## [Your assignment]
Print, exactly as they stand, the lines below from the one that has "The Nursing Delirium" to the one that has "少女保暖内衣羊毛蚕丝德绒初高中学生青少年女大童秋衣秋裤套装冬", inclusive, leaving out the pictures.

Segment Start: Records for this task

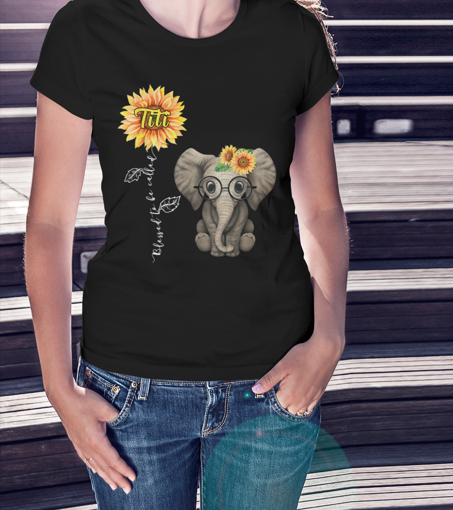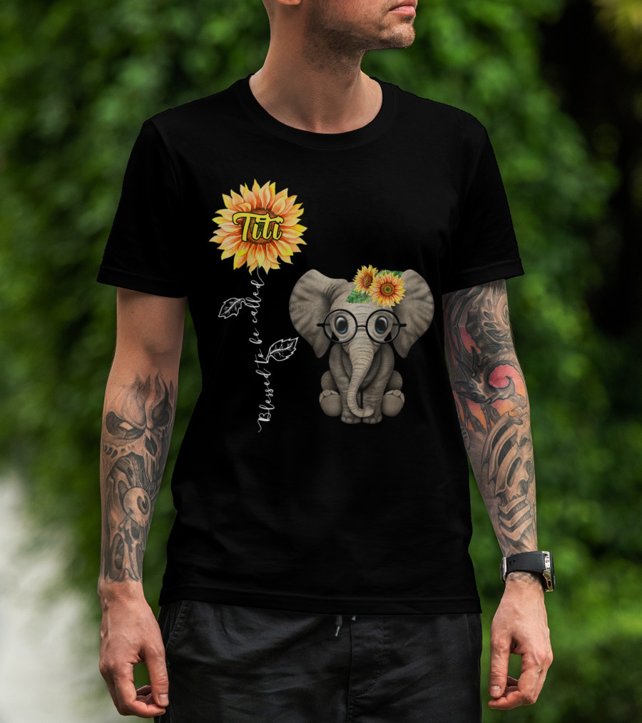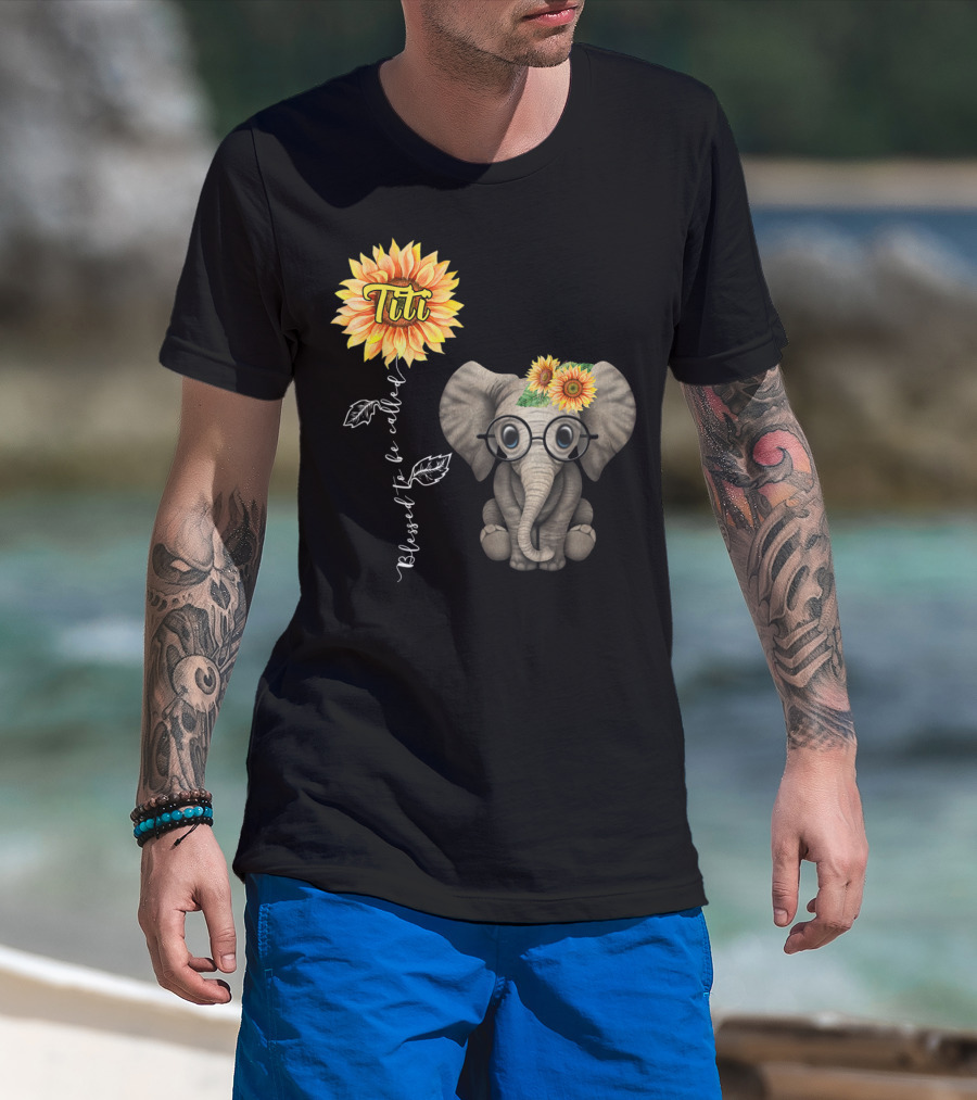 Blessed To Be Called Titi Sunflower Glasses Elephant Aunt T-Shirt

Segment End: Records for this task
Segment Start: Records for this task

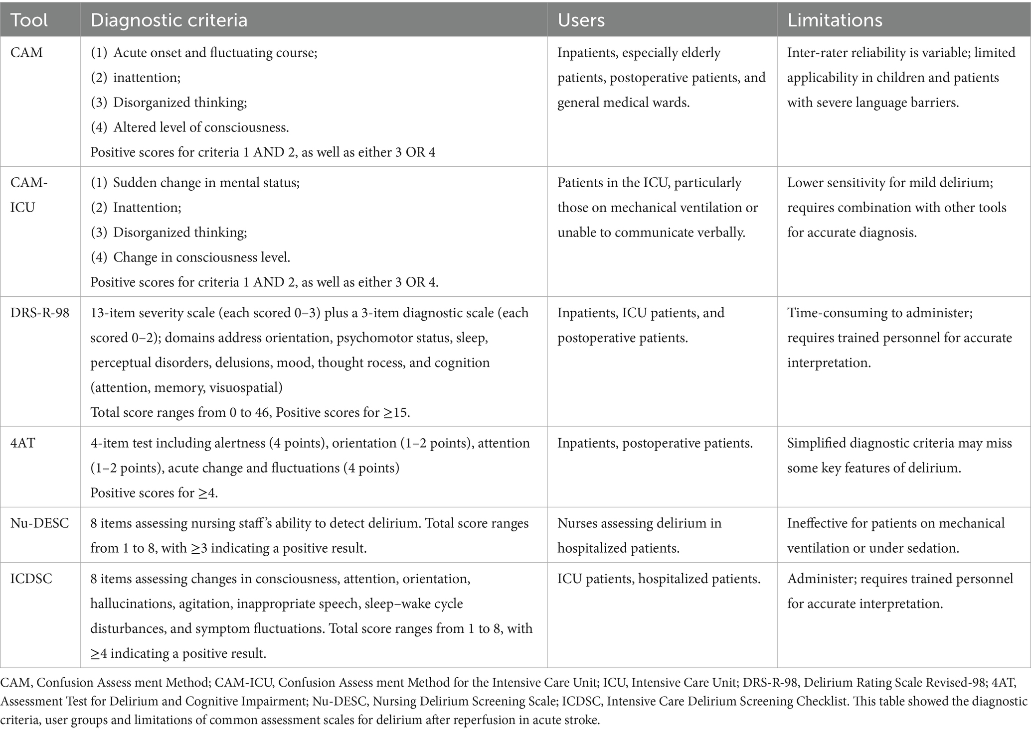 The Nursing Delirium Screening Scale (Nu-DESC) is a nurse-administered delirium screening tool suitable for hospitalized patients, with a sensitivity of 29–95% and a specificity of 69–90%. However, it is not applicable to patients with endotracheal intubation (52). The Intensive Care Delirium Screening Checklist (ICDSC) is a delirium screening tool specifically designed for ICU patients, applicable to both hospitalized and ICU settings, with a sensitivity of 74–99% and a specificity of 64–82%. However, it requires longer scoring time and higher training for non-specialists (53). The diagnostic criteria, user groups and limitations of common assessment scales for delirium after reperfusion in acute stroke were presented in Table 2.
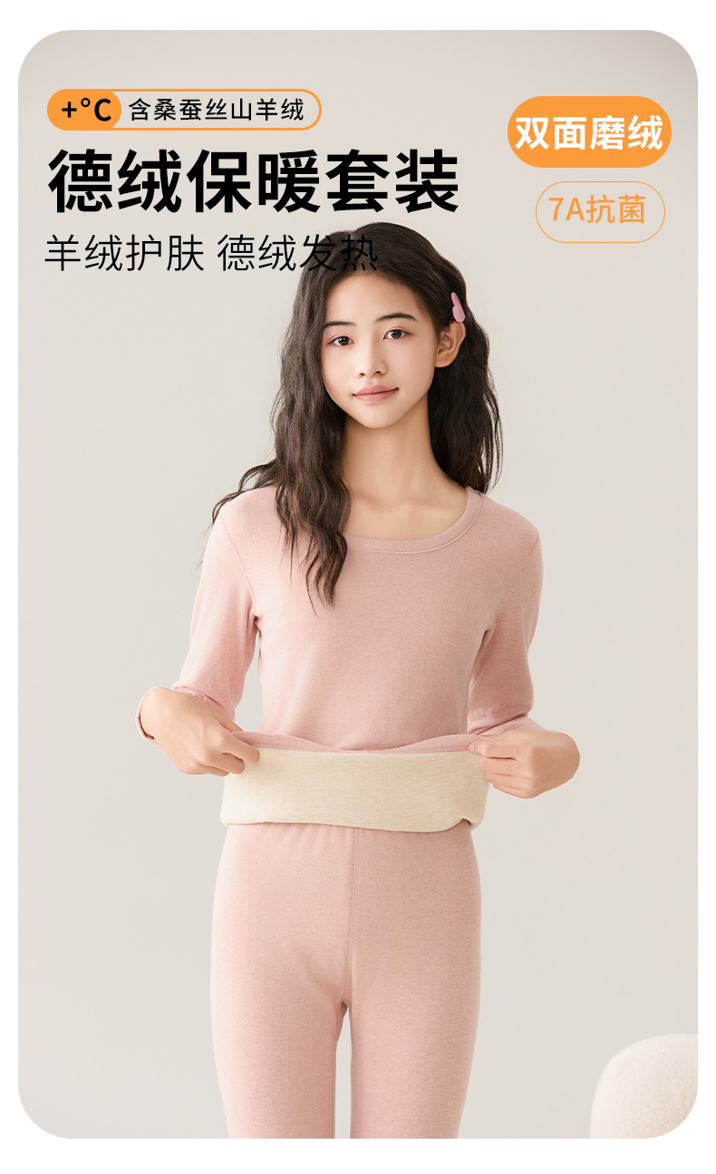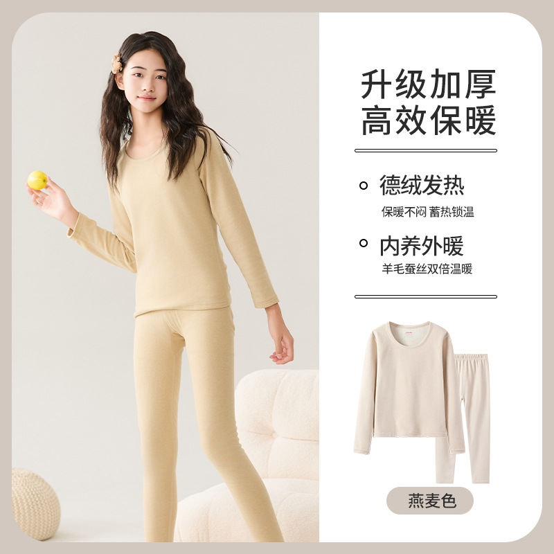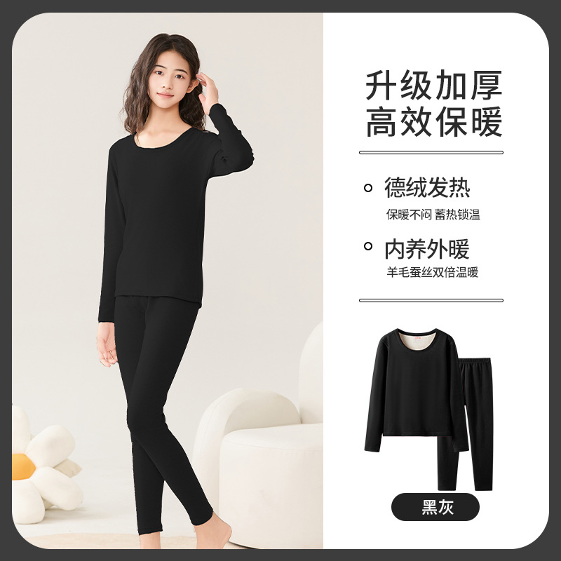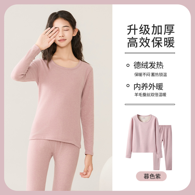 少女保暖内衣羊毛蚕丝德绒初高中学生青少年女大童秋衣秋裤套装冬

Segment End: Records for this task

## [Output for this task]
 The Nursing Delirium Screening Scale (Nu-DESC) is a nurse-administered delirium screening tool suitable for hospitalized patients, with a sensitivity of 29–95% and a specificity of 69–90%. However, it is not applicable to patients with endotracheal intubation (52). The Intensive Care Delirium Screening Checklist (ICDSC) is a delirium screening tool specifically designed for ICU patients, applicable to both hospitalized and ICU settings, with a sensitivity of 74–99% and a specificity of 64–82%. However, it requires longer scoring time and higher training for non-specialists (53). The diagnostic criteria, user groups and limitations of common assessment scales for delirium after reperfusion in acute stroke were presented in Table 2.
 少女保暖内衣羊毛蚕丝德绒初高中学生青少年女大童秋衣秋裤套装冬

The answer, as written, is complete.